Cant seem to find any info on this exact bike. Bendix rear hub, tank horn works, seats gotta go, Plan on adding black fenders pinstriped with the same paint on the tank and a luggage rack.


----------



## Uniblab (Apr 15, 2012)

Sorry don't know anything about this particular model but Harley did have some bikes built in the late 90's for sale mostly through their dealerships.

I found these links:
http://thecabe.com/vbulletin/content.php?42-1997-Harley-Davidson-Limited-Edition-Bicycle-43
http://motorbicycling.com/showthread.php?t=15936

Don't know how legit this ad is or if this is still available, but here it is anyway:
http://www.americanlisted.com/colorado_6/motorcycles_10/1997_harley_davidson_ltd_edition_bicycle_900_se_aurora_12857113.html


----------



## mruiz (Apr 16, 2012)

*1980*

It looks like a 1980 cruiser/ Custom made.


----------



## jcopello (Apr 16, 2012)

http://www.midamericaauctions.com/items/1969-schwinn-b-harley-davidson/

just a coincidence? seems to be really similar to mine


----------



## jcopello (Apr 16, 2012)

After running the serial number, come to find out this bike started out as a 1980 Deluxe cruiser, Guess it is just a one off custom, I thought it was one of the limited runs that they did for Rolling Rock beer, Fat tire, Etc. 

There was some writing on the back of the saddle that says "rideable Bicycle Replicas" out of Alemeda, Ca. 

http://waterfordbikes.com/SchwinnCat/flschwinn_1971_1980/1980_26.html


----------



## MR D (Apr 17, 2012)

First off, I'd like to say that's a nice bike. Custom made for someone that likes the Harley name (but probably can't afford a real Harley). I like to customize bikes as well. You can do your own Harley bicycle if you want and ride it like you made it! LOL

The problem being that Harley did not (probably) have anything to do with these bikes. They are for fun and riding...I wouldn't give too much for someone to make one for me, when you can do the very same thing yourself. 

As I mentioned it's a nice bike and probably rides great. The only problem is when someone tries to pass it off to someone else as a "real deal" Harley bike. That happens to often to people who don't know what they're seeing or looking to buy. They end up paying way too much for something like that.

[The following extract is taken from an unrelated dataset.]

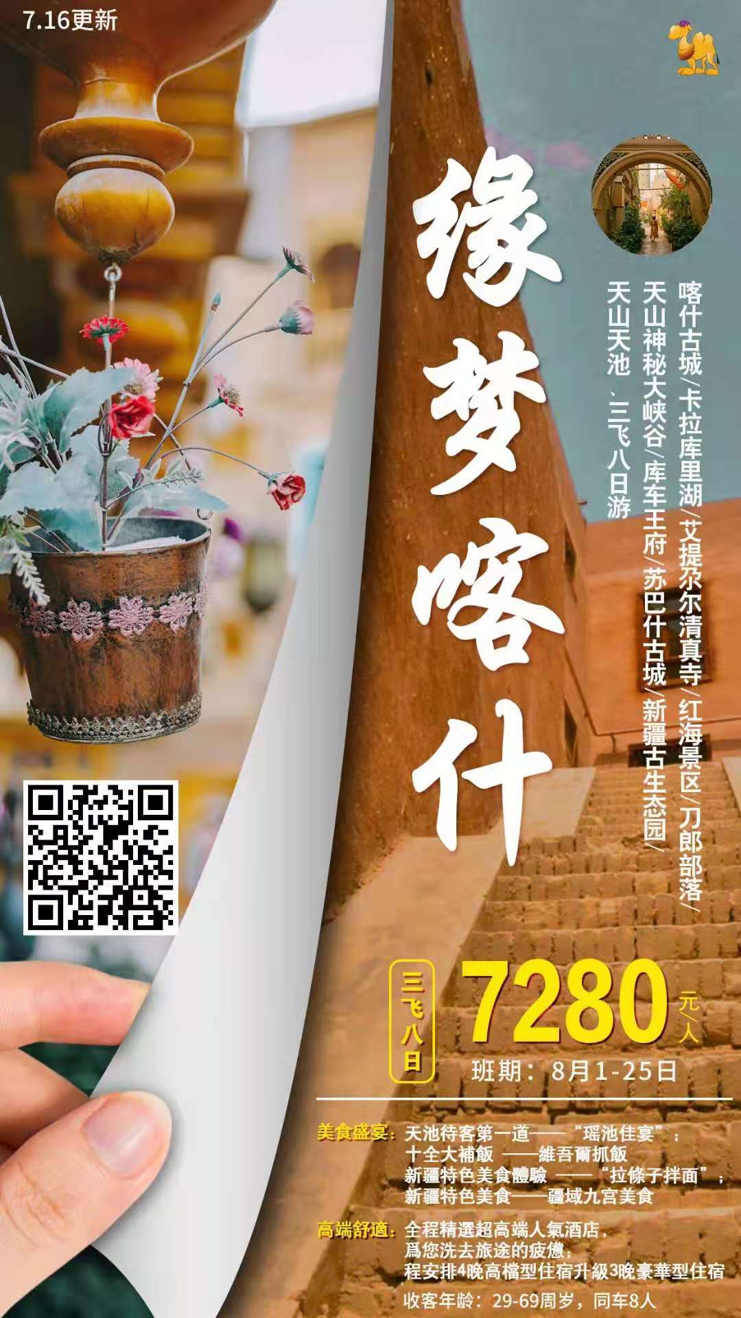 烏市-飛喀什-卡湖(路程190KM,行駛約5H) 根據(jù)航班信息乘坐飛機前往喀什 接機后,乘車前往【喀什古城】觀看開城儀式、自魏晉南北朝至隋代,中國正史上都記載說:疏勒國,有大城十二,小城數(shù)十;其都城方五里。這些記載使我們第一次知道了喀什古城的周長面積,但方位卻未指明。《新唐書·地理志》中說:“疏勒國……王治伽師城。”又引賈耽《四夷道里記》 11:00 乘車前往【卡拉庫里湖】(行駛時間約4小時) 15:00 沿途用午餐(用餐時間約1小時) 16:00 游玩景點:【卡拉庫里湖】(游玩時間約1.5小時)卡拉庫里湖是世界上少有的高原湖泊。湖的四周有冰峰雪嶺環(huán)抱,特別是周圍的公格爾、公格爾九別峰和慕士塔格峰更為這個湖增添了神奇而美麗的色彩。在風平浪靜的日子里,皚皚銀峰、綠色草原和湖邊畜群倒映在湖中,異常優(yōu)美 17:30 乘車返回喀什市(行駛時間約4小時) 21:30 晚餐(用餐時間約1小時) 22:30 入住酒店 溫馨提示:今天路程長,溫差大請注意增減衣物;午餐為盒飯,條件有限,請?zhí)崆白龊眯睦頊蕚?/span>;卡拉庫里湖海拔較高,如有感冒等疾病,建議謹遵醫(yī)囑前往。 |

I'd slap some fenders on it and maybe a rear rack. Finish the customizing!

Mr D.


----------



## MR D (Apr 17, 2012)

jcopello said:


> There was some writing on the back of the saddle that says "rideable Bicycle Replicas" out of Alemeda, Ca.
> 
> http://waterfordbikes.com/SchwinnCat/flschwinn_1971_1980/1980_26.html




These saddles were made to look like the old high wheel saddles, and they can be bought and placed on any bike, with the correct size seat tube that is. I've had two of them. they are surprisingly comfortable. They make a bike look cool. That saying is probably their logo "RBR".


----------



## Uniblab (Apr 17, 2012)

At the very least Harley was involved regarding licensing arrangements to permit use of their name and other related IP. They are very aggressive in protecting this, and in wringing out every penny they can get.


----------



## jcopello (Apr 17, 2012)

MR D said:


> First off, I'd like to say that's a nice bike. Custom made for someone that likes the Harley name (but probably can't afford a real Harley). I like to customize bikes as well. You can do your own Harley bicycle if you want and ride it like you made it! LOL
> 
> The problem being that Harley did not (probably) have anything to do with these bikes. They are for fun and riding...I wouldn't give too much for someone to make one for me, when you can do the very same thing yourself.
> 
> ...




Thank you, I was beginning to think i was the only one that liked this thing! I contacted RBR and they knew nothing about it. Came to conclusion that this def is a one off custom. So im gonna run with it, put some fenders on it, luggage rack, new decals on the headtube/chain guard and finish it off.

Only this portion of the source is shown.